- [Problem details]:
Repeat the records below exactly from the line containing "Платье-макси с цветочным" to the line containing "Polku johtaa edelleen", taking in both of those lines. Drop the pictures.

** Opening Input material block **

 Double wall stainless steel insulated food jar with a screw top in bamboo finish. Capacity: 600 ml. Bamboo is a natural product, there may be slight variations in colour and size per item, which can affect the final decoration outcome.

** Closing Input material block **
** Opening Input material block **

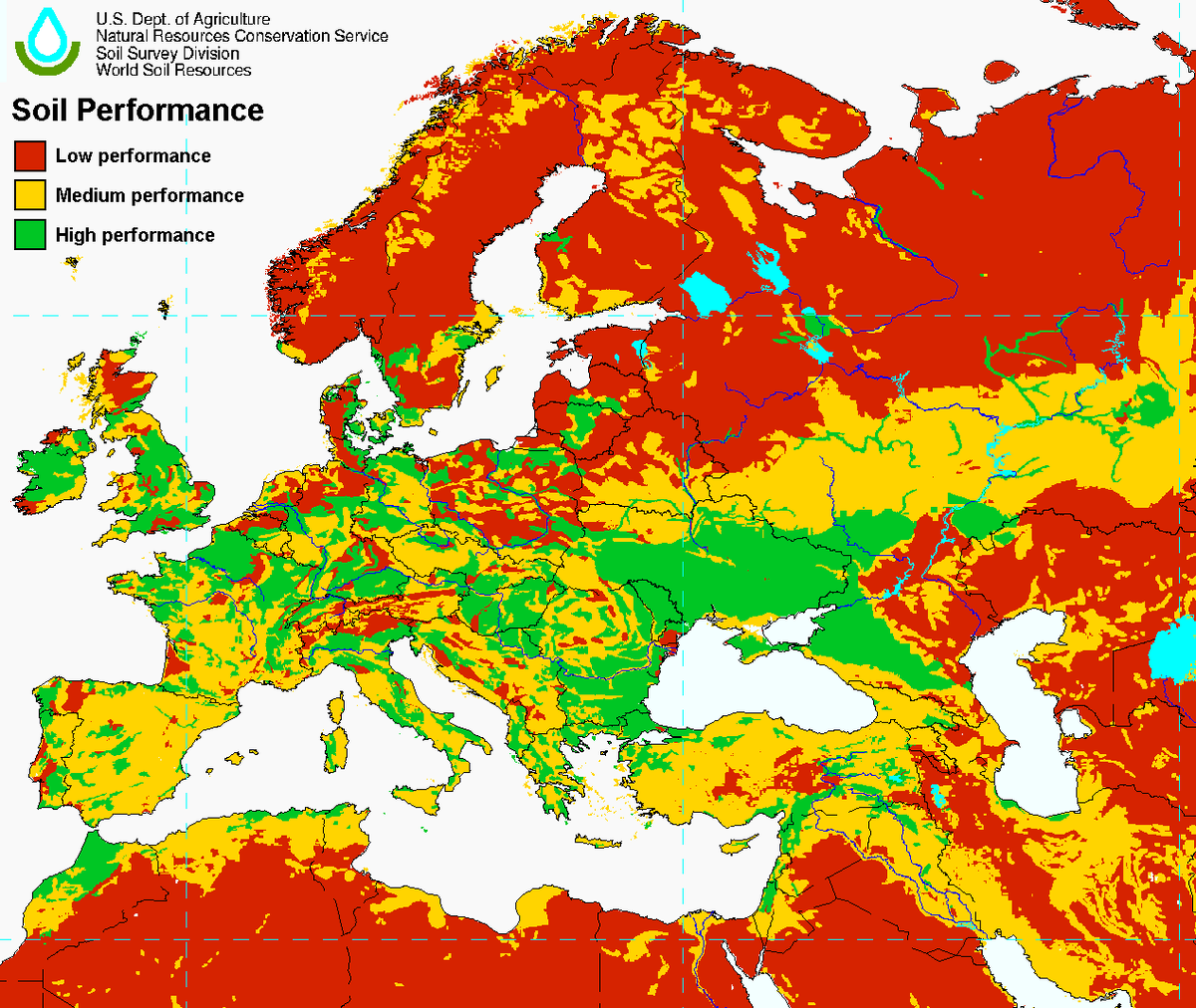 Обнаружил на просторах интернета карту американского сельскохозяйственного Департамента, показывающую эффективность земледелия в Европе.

** Closing Input material block **
** Opening Input material block **

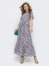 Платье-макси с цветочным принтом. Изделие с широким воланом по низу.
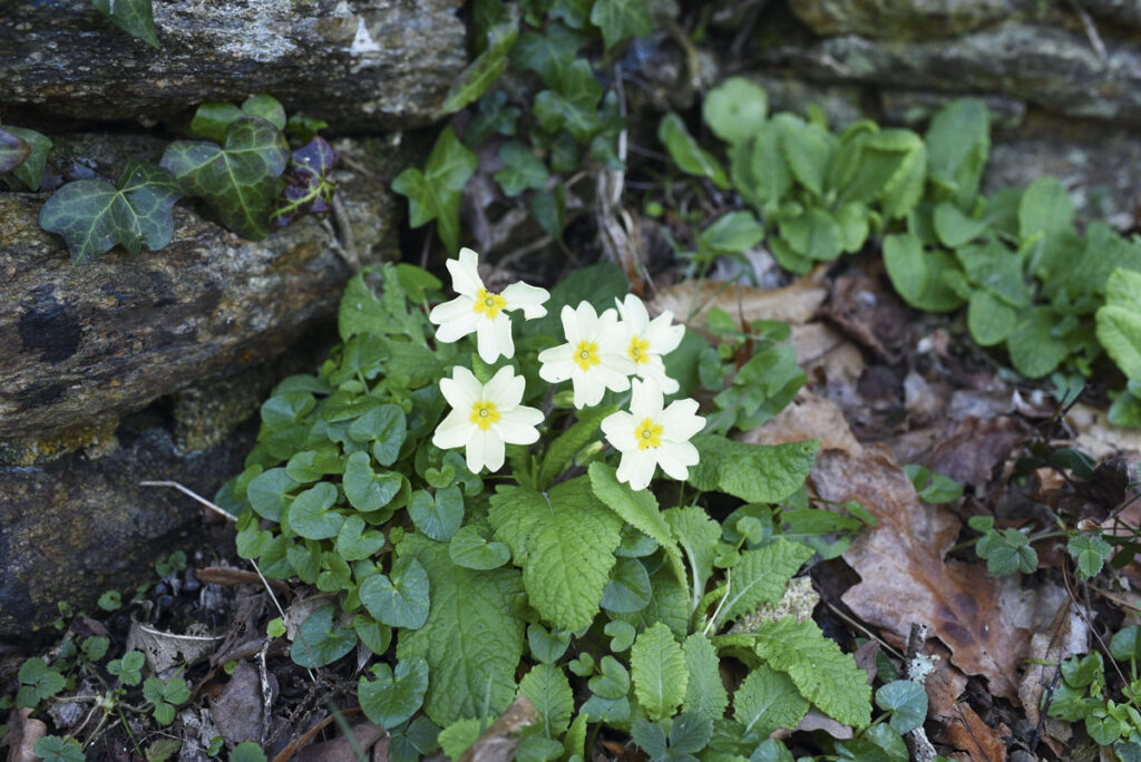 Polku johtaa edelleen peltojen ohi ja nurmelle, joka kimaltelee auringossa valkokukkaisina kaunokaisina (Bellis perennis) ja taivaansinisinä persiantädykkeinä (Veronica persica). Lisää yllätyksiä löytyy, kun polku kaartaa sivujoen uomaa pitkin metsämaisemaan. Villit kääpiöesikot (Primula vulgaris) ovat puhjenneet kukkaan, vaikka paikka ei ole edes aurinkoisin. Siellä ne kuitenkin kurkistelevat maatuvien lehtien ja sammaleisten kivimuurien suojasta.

** Closing Input material block **

- [Expected answer]:
 Платье-макси с цветочным принтом. Изделие с широким воланом по низу.
 Polku johtaa edelleen peltojen ohi ja nurmelle, joka kimaltelee auringossa valkokukkaisina kaunokaisina (Bellis perennis) ja taivaansinisinä persiantädykkeinä (Veronica persica). Lisää yllätyksiä löytyy, kun polku kaartaa sivujoen uomaa pitkin metsämaisemaan. Villit kääpiöesikot (Primula vulgaris) ovat puhjenneet kukkaan, vaikka paikka ei ole edes aurinkoisin. Siellä ne kuitenkin kurkistelevat maatuvien lehtien ja sammaleisten kivimuurien suojasta.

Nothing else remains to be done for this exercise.